BEGIN Records shown

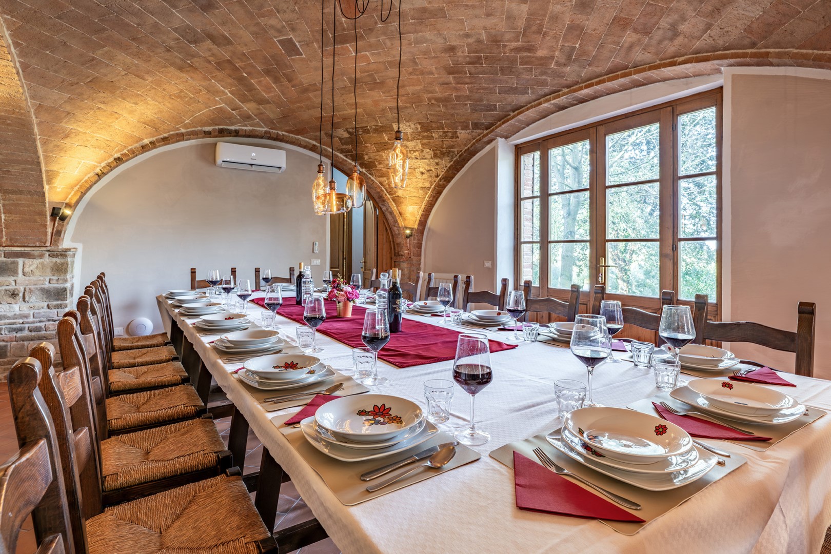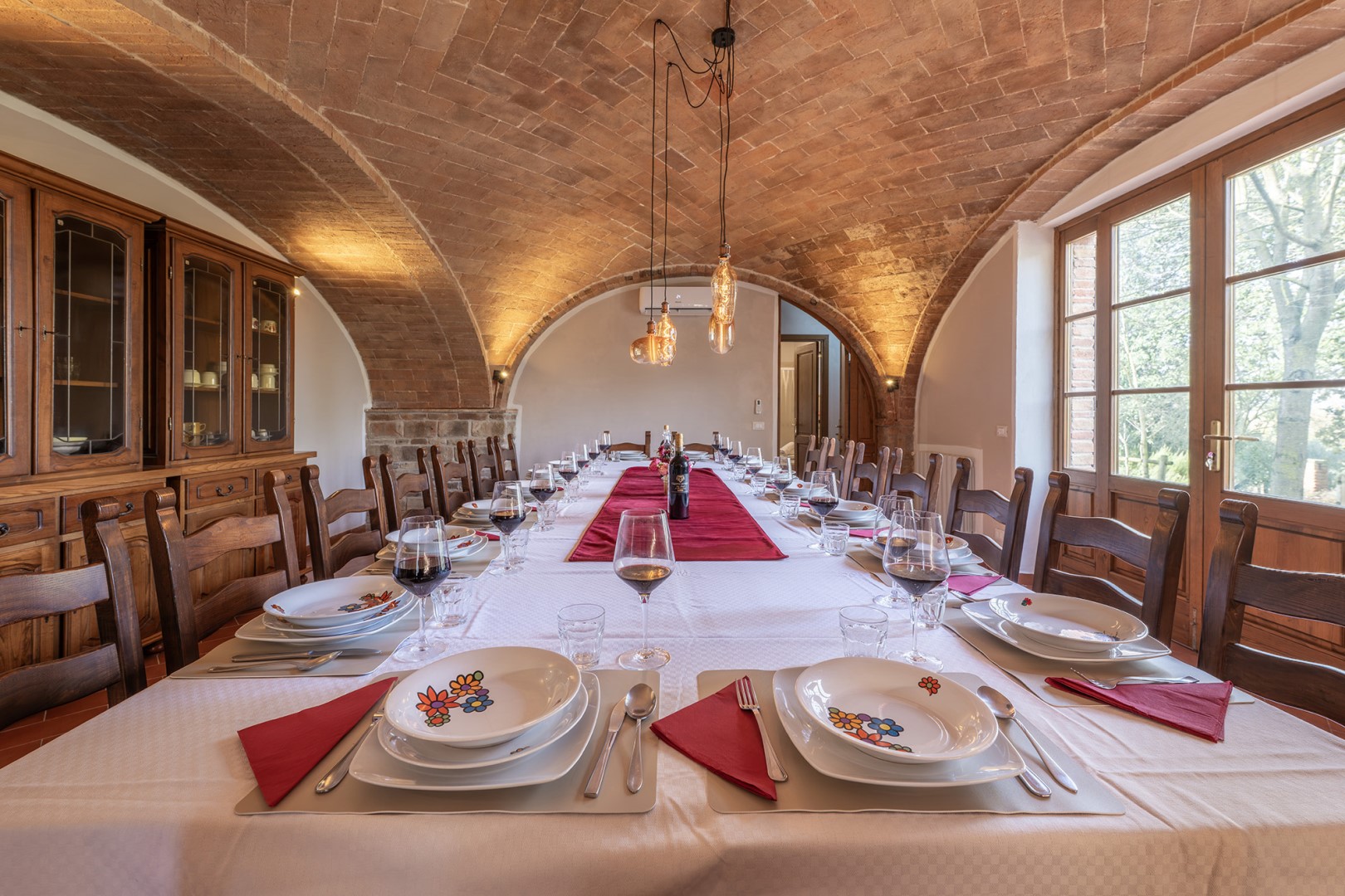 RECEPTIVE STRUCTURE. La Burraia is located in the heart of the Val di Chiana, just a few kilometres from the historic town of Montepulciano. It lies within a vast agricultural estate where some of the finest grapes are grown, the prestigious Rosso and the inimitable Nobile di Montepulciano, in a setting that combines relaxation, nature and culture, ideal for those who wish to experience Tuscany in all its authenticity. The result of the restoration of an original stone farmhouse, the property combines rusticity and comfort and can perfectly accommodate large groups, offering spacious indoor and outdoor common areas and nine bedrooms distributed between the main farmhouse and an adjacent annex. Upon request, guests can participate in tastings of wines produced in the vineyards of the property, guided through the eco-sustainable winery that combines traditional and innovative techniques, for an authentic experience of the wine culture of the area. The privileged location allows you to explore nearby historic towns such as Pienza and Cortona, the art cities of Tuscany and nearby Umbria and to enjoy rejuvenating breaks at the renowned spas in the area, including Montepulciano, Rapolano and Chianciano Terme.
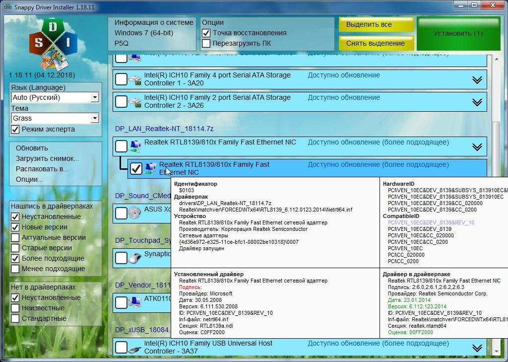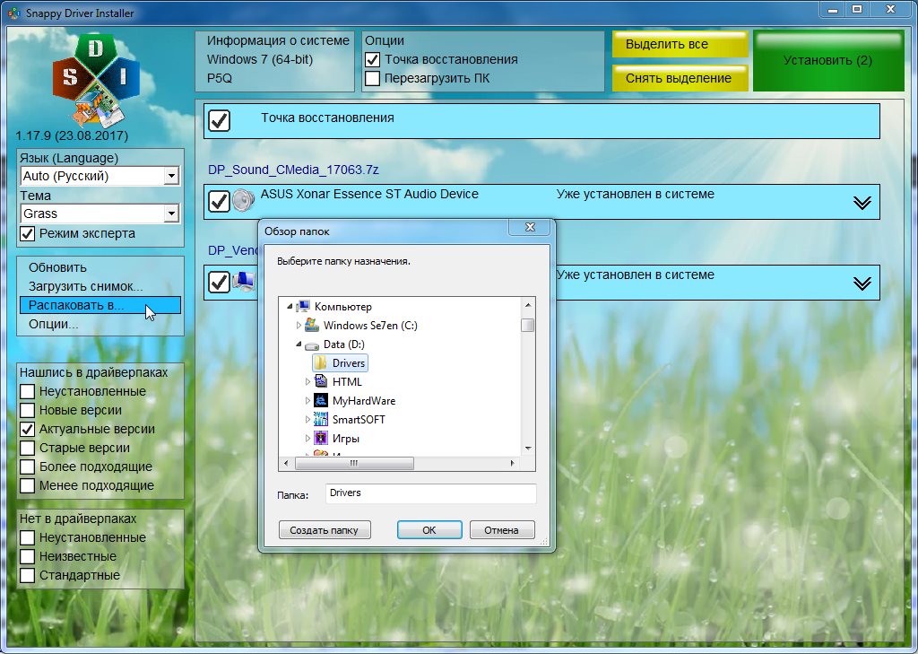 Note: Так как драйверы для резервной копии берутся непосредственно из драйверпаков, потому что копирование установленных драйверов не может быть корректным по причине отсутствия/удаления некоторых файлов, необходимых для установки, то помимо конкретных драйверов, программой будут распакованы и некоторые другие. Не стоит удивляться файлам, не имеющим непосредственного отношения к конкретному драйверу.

END Records shown
BEGIN Records shown

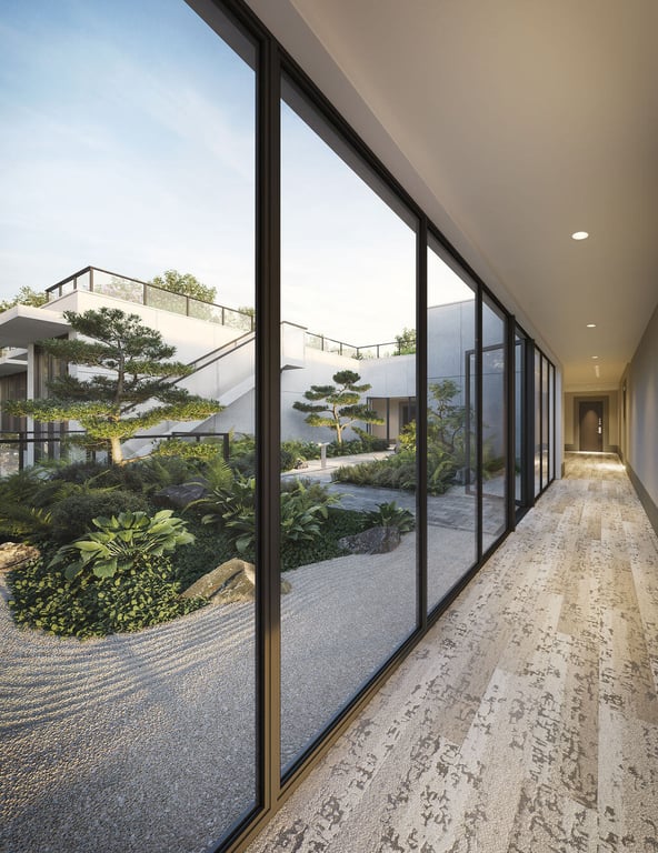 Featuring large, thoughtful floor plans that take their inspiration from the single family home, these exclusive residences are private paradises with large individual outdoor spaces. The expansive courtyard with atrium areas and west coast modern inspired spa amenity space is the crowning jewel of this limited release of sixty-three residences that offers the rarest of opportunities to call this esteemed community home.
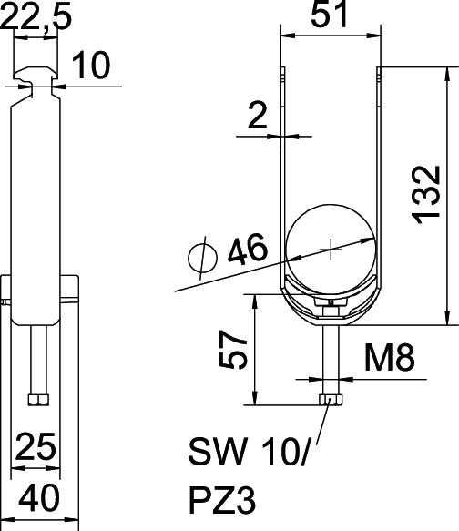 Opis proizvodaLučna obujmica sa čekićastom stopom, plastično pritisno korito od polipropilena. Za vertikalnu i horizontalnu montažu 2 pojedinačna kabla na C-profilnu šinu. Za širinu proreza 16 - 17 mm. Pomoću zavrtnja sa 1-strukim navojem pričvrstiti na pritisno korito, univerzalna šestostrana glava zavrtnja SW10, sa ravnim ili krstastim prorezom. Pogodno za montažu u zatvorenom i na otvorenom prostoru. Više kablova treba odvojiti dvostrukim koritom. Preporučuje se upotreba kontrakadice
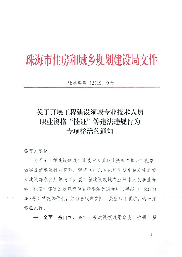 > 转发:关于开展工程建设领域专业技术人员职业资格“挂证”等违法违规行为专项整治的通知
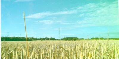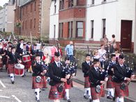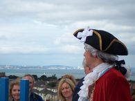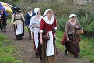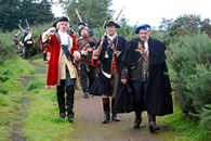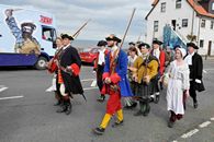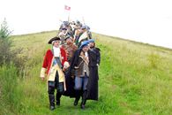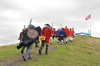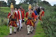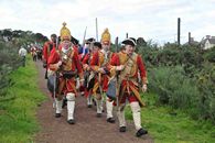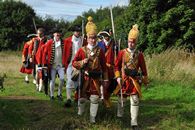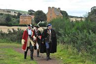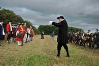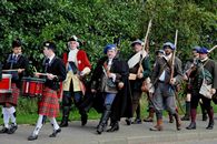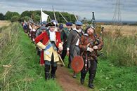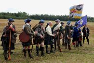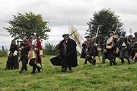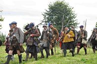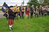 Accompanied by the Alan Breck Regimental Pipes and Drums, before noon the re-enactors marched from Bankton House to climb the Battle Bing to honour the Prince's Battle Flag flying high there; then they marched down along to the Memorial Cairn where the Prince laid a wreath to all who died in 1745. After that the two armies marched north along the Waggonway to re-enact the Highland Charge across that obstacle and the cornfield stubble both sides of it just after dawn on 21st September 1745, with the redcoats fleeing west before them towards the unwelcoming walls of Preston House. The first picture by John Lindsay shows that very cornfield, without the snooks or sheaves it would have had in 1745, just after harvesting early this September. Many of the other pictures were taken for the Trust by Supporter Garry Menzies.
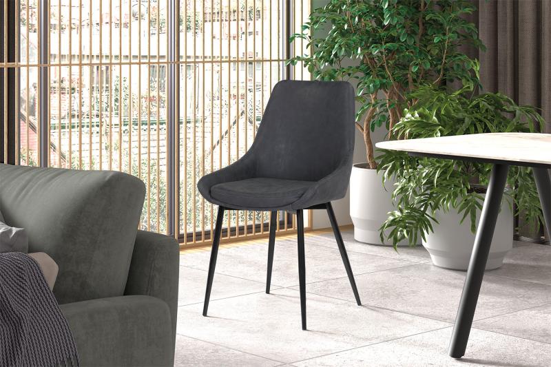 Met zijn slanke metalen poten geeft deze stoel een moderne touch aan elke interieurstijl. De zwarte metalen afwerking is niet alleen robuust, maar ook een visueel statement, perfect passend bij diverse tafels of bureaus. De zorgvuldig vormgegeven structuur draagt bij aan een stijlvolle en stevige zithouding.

END Records shown
BEGIN Records shown

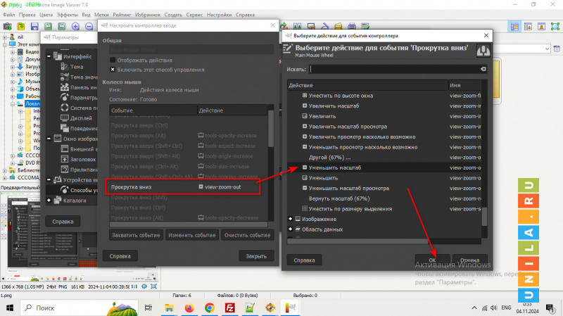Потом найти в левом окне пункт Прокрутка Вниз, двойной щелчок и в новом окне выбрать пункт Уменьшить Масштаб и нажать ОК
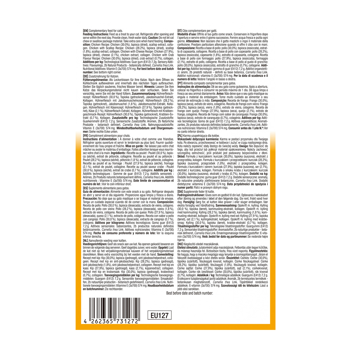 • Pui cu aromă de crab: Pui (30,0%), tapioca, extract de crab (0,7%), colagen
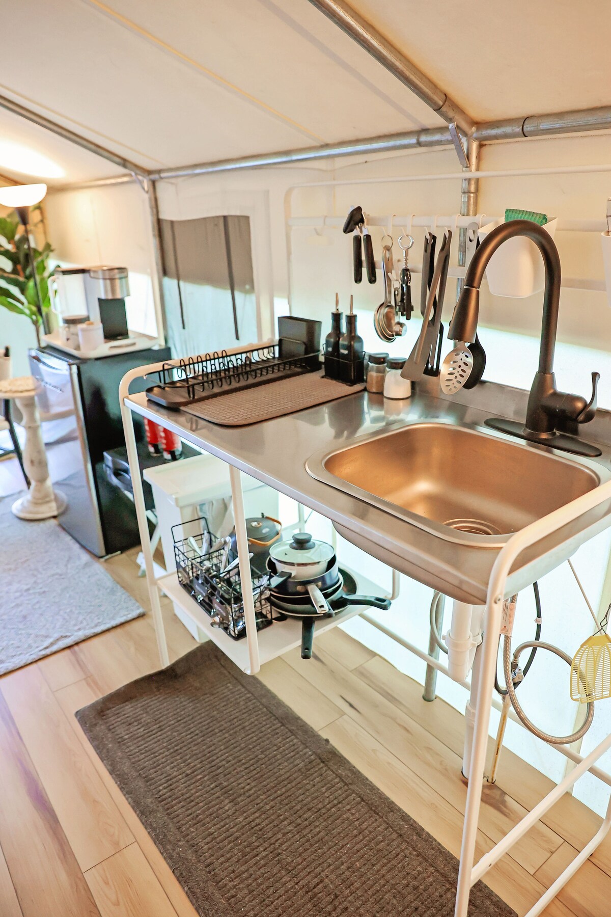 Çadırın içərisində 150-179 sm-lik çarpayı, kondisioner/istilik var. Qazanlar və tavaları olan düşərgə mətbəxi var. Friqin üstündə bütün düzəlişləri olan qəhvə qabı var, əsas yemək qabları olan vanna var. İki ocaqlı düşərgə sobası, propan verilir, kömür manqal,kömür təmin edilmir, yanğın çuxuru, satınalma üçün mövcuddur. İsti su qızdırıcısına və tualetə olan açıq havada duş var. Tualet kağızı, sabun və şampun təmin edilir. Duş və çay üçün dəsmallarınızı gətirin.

END Records shown

**Task goal:** Output only the lines above from the line that holds "RECEPTIVE STRUCTURE. La" through the line that holds "Note: Так как", both ends included, and exclude pictures.

**Your response:**
 RECEPTIVE STRUCTURE. La Burraia is located in the heart of the Val di Chiana, just a few kilometres from the historic town of Montepulciano. It lies within a vast agricultural estate where some of the finest grapes are grown, the prestigious Rosso and the inimitable Nobile di Montepulciano, in a setting that combines relaxation, nature and culture, ideal for those who wish to experience Tuscany in all its authenticity. The result of the restoration of an original stone farmhouse, the property combines rusticity and comfort and can perfectly accommodate large groups, offering spacious indoor and outdoor common areas and nine bedrooms distributed between the main farmhouse and an adjacent annex. Upon request, guests can participate in tastings of wines produced in the vineyards of the property, guided through the eco-sustainable winery that combines traditional and innovative techniques, for an authentic experience of the wine culture of the area. The privileged location allows you to explore nearby historic towns such as Pienza and Cortona, the art cities of Tuscany and nearby Umbria and to enjoy rejuvenating breaks at the renowned spas in the area, including Montepulciano, Rapolano and Chianciano Terme.
 Note: Так как драйверы для резервной копии берутся непосредственно из драйверпаков, потому что копирование установленных драйверов не может быть корректным по причине отсутствия/удаления некоторых файлов, необходимых для установки, то помимо конкретных драйверов, программой будут распакованы и некоторые другие. Не стоит удивляться файлам, не имеющим непосредственного отношения к конкретному драйверу.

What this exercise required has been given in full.